▶ _Work to be completed_:
Could you repeat, exactly and with no pictures, only the lines from the start of the records through the line containing "3、将上面生成的公钥,填写到"?

▶ _Material for this exercise_:
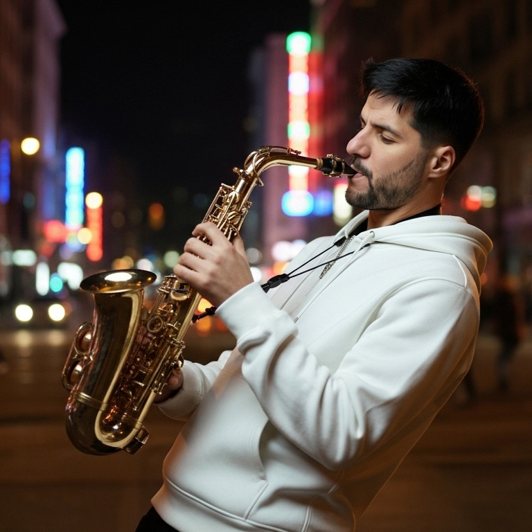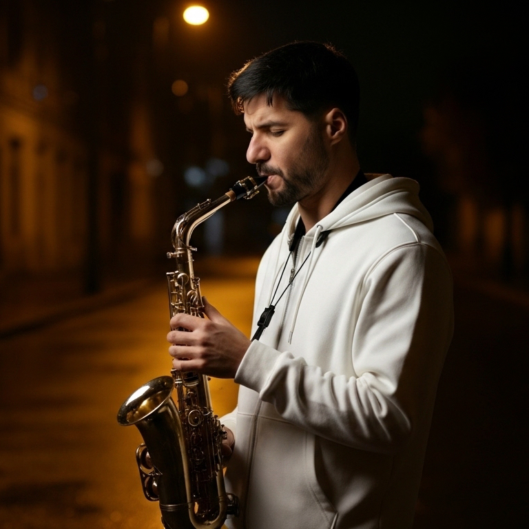 Opens with brushed drums, upright bass walking a warm groove, and crisp piano voicings, Saxophone leads with expressive solos, layering over subtle guitar comping, The bridge features a dynamic bass and piano interplay before returning to cool, spacious jazz textures
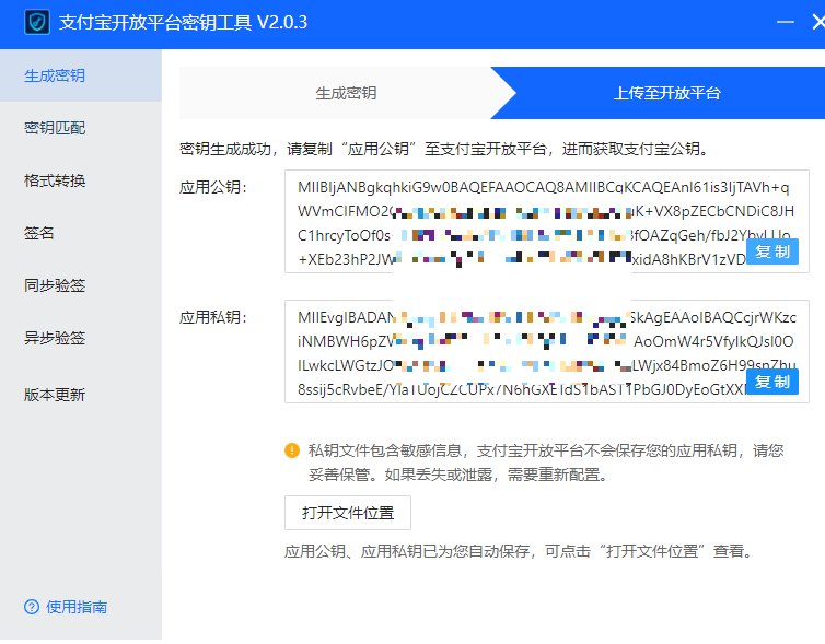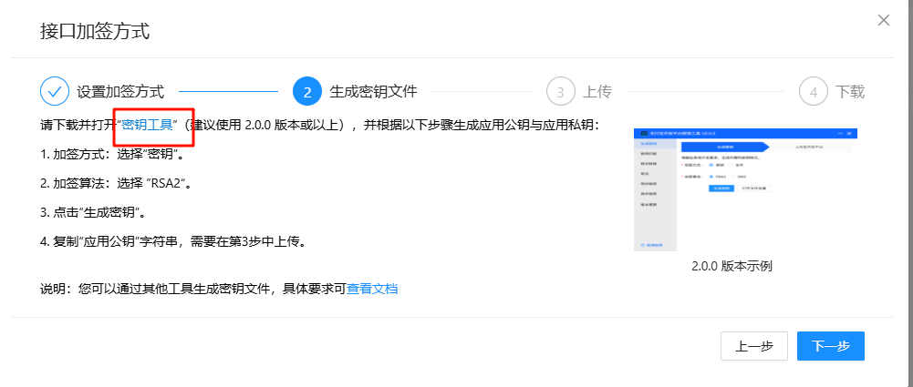 3、将上面生成的公钥,填写到第1步后面出现的“上传”应用公钥界面(需要短信验证)
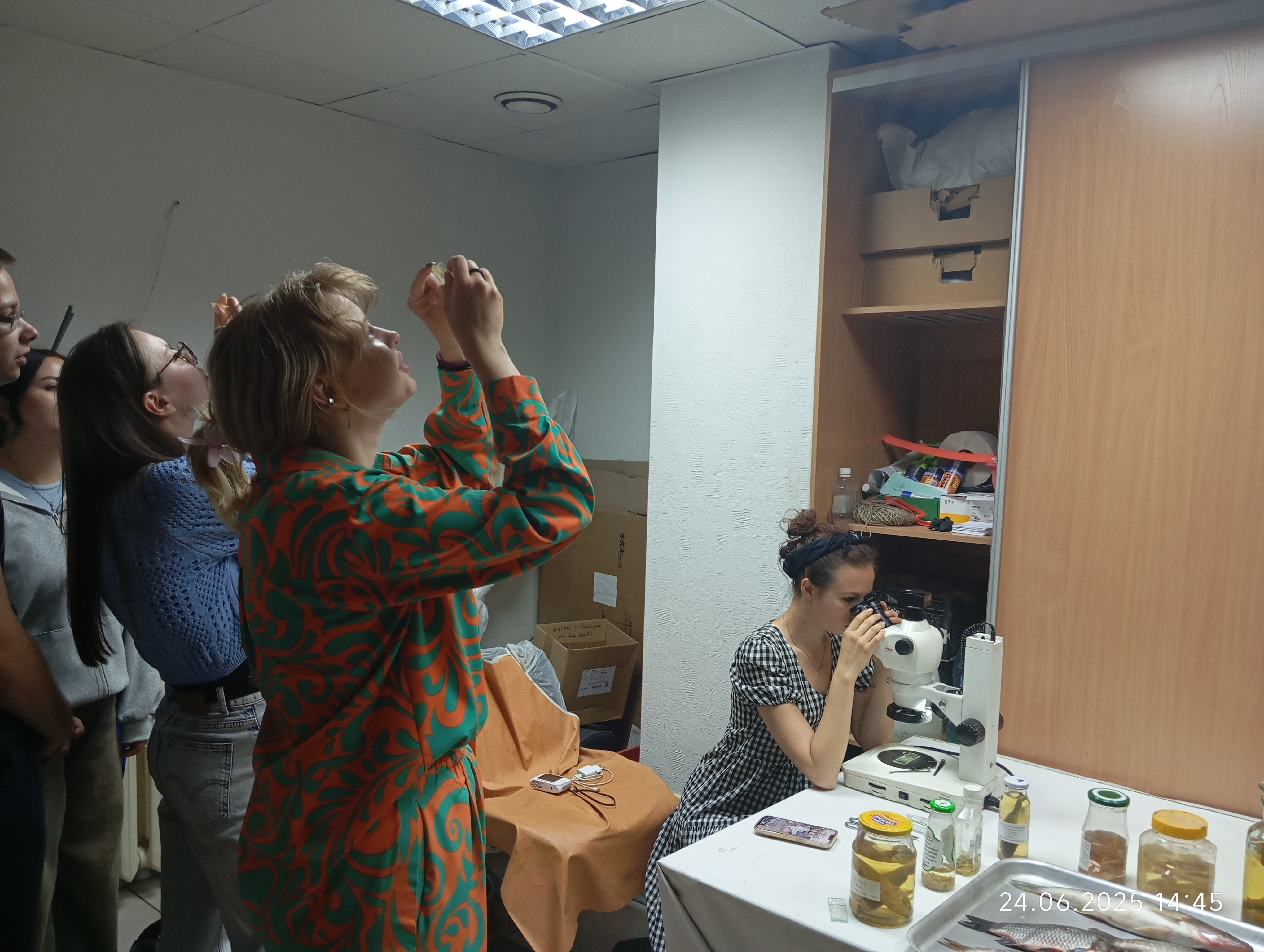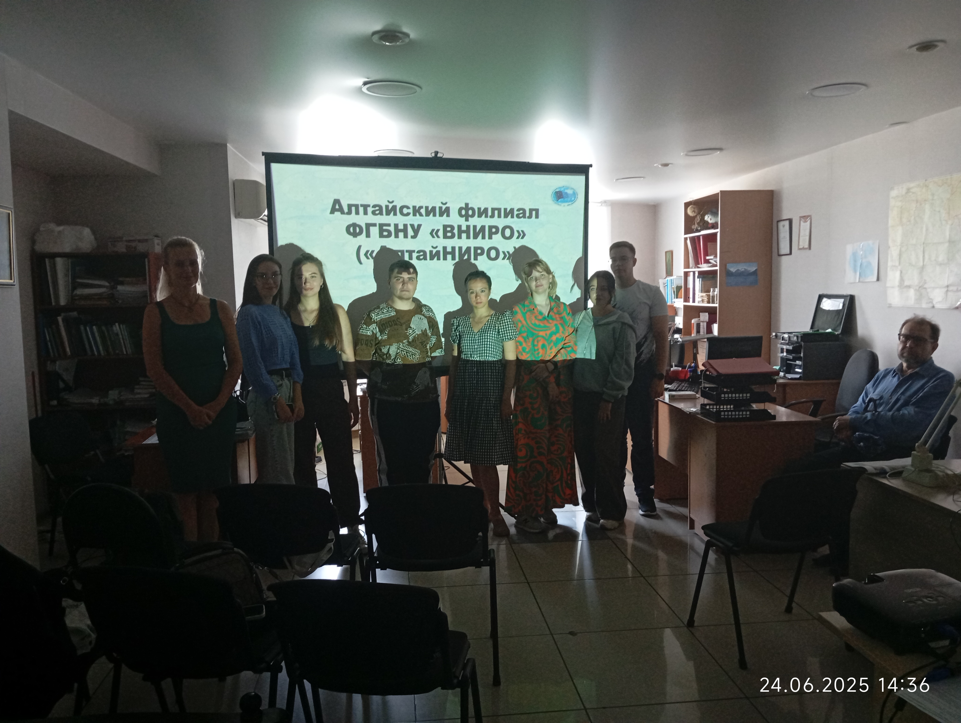 Специалисты филиала в период с 24 июня по 07 июля 2025 года провели цикл мероприятий по информационно-просветительской работе в целях формирования у студентов представления о современной науке для студентов 2 курса Института биологии и студентов 1 курса Института географии Алтайского государственного университета. Специалисты Филиала подробно поделились информацией о истории развития Института и его Филиалах, также о перспективах научной деятельности, продемонстрировали видеоролик, показывающий основные направления работы Алтайского филиала. Студенты посетили несколько лабораторий Филиала, где их ознакомили с основными направлениями работы, специфике работы ихтиологов, гидробиологов и объемах работ. Были продемонстрированы интересные экземпляры рыб, добытых в Алтайском крае и Республике Алтай. Проведен мастер-класс по определению возраста рыб по отолитам и чешуе, что безусловно вызвало живой интерес у экскурсантов. Также были подготовлены образцы промысловых беспозвоночных, на которых студенты смогли внимательно взглянуть с использованием микроскопа.
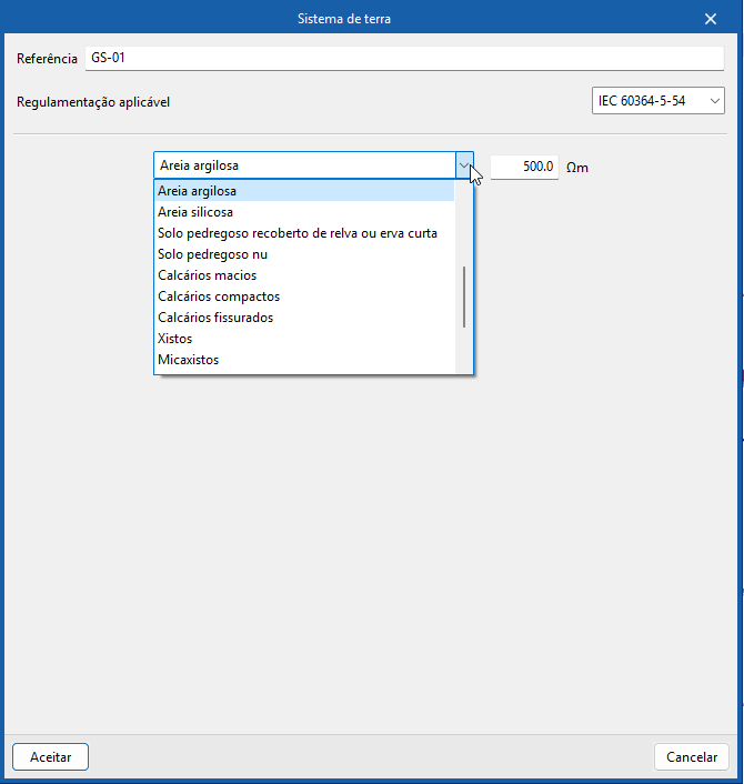 • Exterior (Tipo de terreno, Resistividade do terreno)
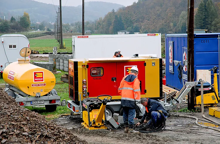 Gebraucht wurden die Kettenbagger CAT 319 DL und 308 DCR, ein Mobilbagger CAT M315 D, ein Radlader CAT 914 G – alle Baumaschinen ausgestattet mit verschiedenen Anbaugeräten –, zwei Rüttelplatten CR 7, ein Vibrationsstampfer SRV 620, zwei Kompressoren XAS 97 Dd, vier Flutlichtanlagen und zwei Stromerzeuger mit Leistungen von 10 bis 80 kVA sowie zwei Brauchwasser-Transportanhänger mit einem Fassungsvermögen von 3000 Litern. Stefan Hagedorn: „Aufgrund der großen Entfernung zwischen unserem Firmensitz und der Baustelle haben wir entschieden, nicht mit unseren eigenen Maschinen zu arbeiten, sondern am der Baustelle nächstgelegenen Standort in Hanau anzumieten. Denn bei Zeppelin Rental wissen wir um die hohe Qualität der Produkte und die gute Betreuung.“

▶ _Solution to this exercise_:
 Opens with brushed drums, upright bass walking a warm groove, and crisp piano voicings, Saxophone leads with expressive solos, layering over subtle guitar comping, The bridge features a dynamic bass and piano interplay before returning to cool, spacious jazz textures
 3、将上面生成的公钥,填写到第1步后面出现的“上传”应用公钥界面(需要短信验证)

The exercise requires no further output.